• **Records for processing**
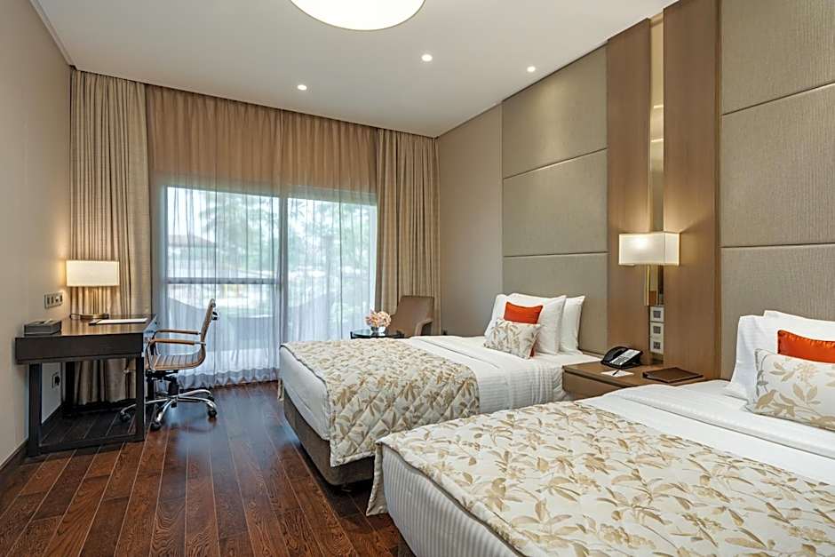 The spacious twin room features air conditioning, a mini-bar, a balcony with pool views as well as a private bathroom boasting a shower. The unit has 2 beds.
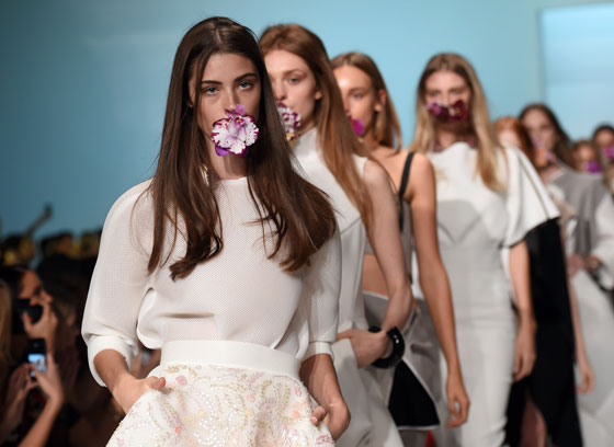 تمتاز عروض الأزياء بالغرابة والجديد في الألوان أو في الديكور، لكن ظهور عارضات الأزياء وهن يحملن الزهور في أفواههن بدلاً من الإمساك بها في أيديهن، ذلك ما قدّمه المصمم الأسترالي Tony Maticevski في أسبوع الموضة في سيدني بأستراليا.
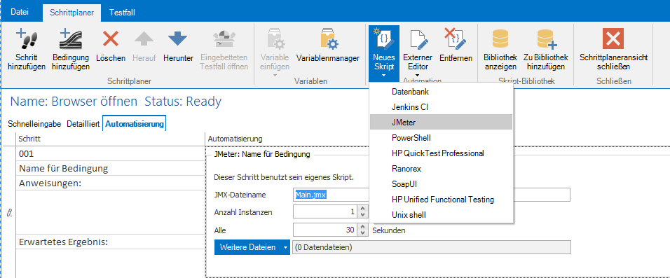 Zuerst öffnen Sie den Testfall und klicken auf Automatisierung. Hier können Sie ein JMeter Skript hinzufügen.
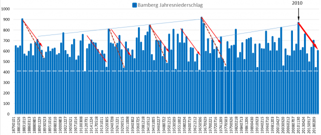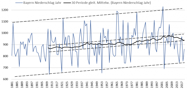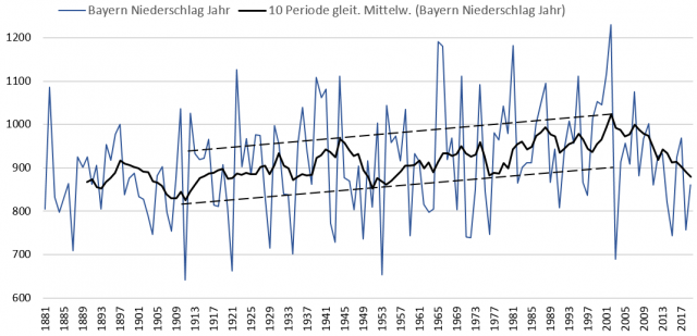 … Die Zeitreihe der jährlichen Niederschläge in Deutschland (Gebietsmittel) zeigt einen leichten Anstieg, der mit einer Irrtumswahrscheinlichkeit von 5 %-Niveau statistisch signifikant ist. Dieser Anstieg ist im Wesentlichen darauf zurückzuführen ist, dass bis etwa 1920 nur selten überdurchschnittlich niederschlagsreiche Jahre aufgetreten sind.
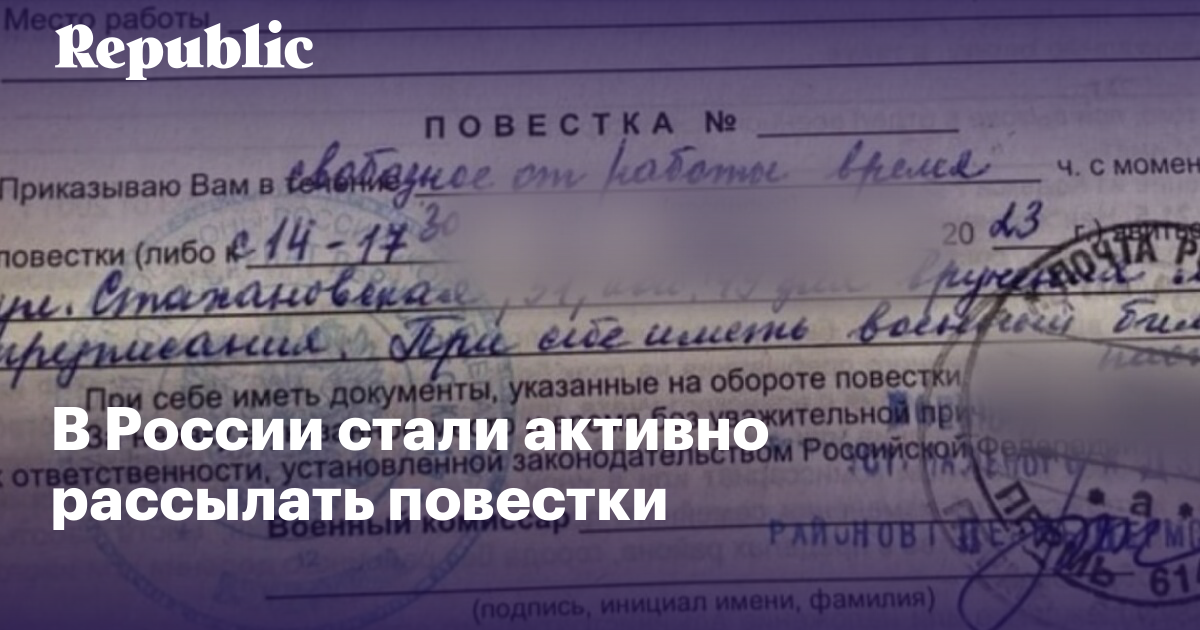 Жители российских городов сообщают о массовой рассылке повесток в военкоматы, в том числе для получения «мобилизационного предписания». В других случаях мужчин приглашают для «уточнения документов воинского учета». Тем, кто приходит, предлагают пойти на контрактную службу в армии. Эксперты считают, что вербовка на контракт не особо удается, поэтому власти задумываются о второй волне мобилизации.

• **What to work on**
Transcribe every line of the listing above exactly; skip the pictures.

• **Task result**
 The spacious twin room features air conditioning, a mini-bar, a balcony with pool views as well as a private bathroom boasting a shower. The unit has 2 beds.
 تمتاز عروض الأزياء بالغرابة والجديد في الألوان أو في الديكور، لكن ظهور عارضات الأزياء وهن يحملن الزهور في أفواههن بدلاً من الإمساك بها في أيديهن، ذلك ما قدّمه المصمم الأسترالي Tony Maticevski في أسبوع الموضة في سيدني بأستراليا.
 Zuerst öffnen Sie den Testfall und klicken auf Automatisierung. Hier können Sie ein JMeter Skript hinzufügen.
 … Die Zeitreihe der jährlichen Niederschläge in Deutschland (Gebietsmittel) zeigt einen leichten Anstieg, der mit einer Irrtumswahrscheinlichkeit von 5 %-Niveau statistisch signifikant ist. Dieser Anstieg ist im Wesentlichen darauf zurückzuführen ist, dass bis etwa 1920 nur selten überdurchschnittlich niederschlagsreiche Jahre aufgetreten sind.
 Жители российских городов сообщают о массовой рассылке повесток в военкоматы, в том числе для получения «мобилизационного предписания». В других случаях мужчин приглашают для «уточнения документов воинского учета». Тем, кто приходит, предлагают пойти на контрактную службу в армии. Эксперты считают, что вербовка на контракт не особо удается, поэтому власти задумываются о второй волне мобилизации.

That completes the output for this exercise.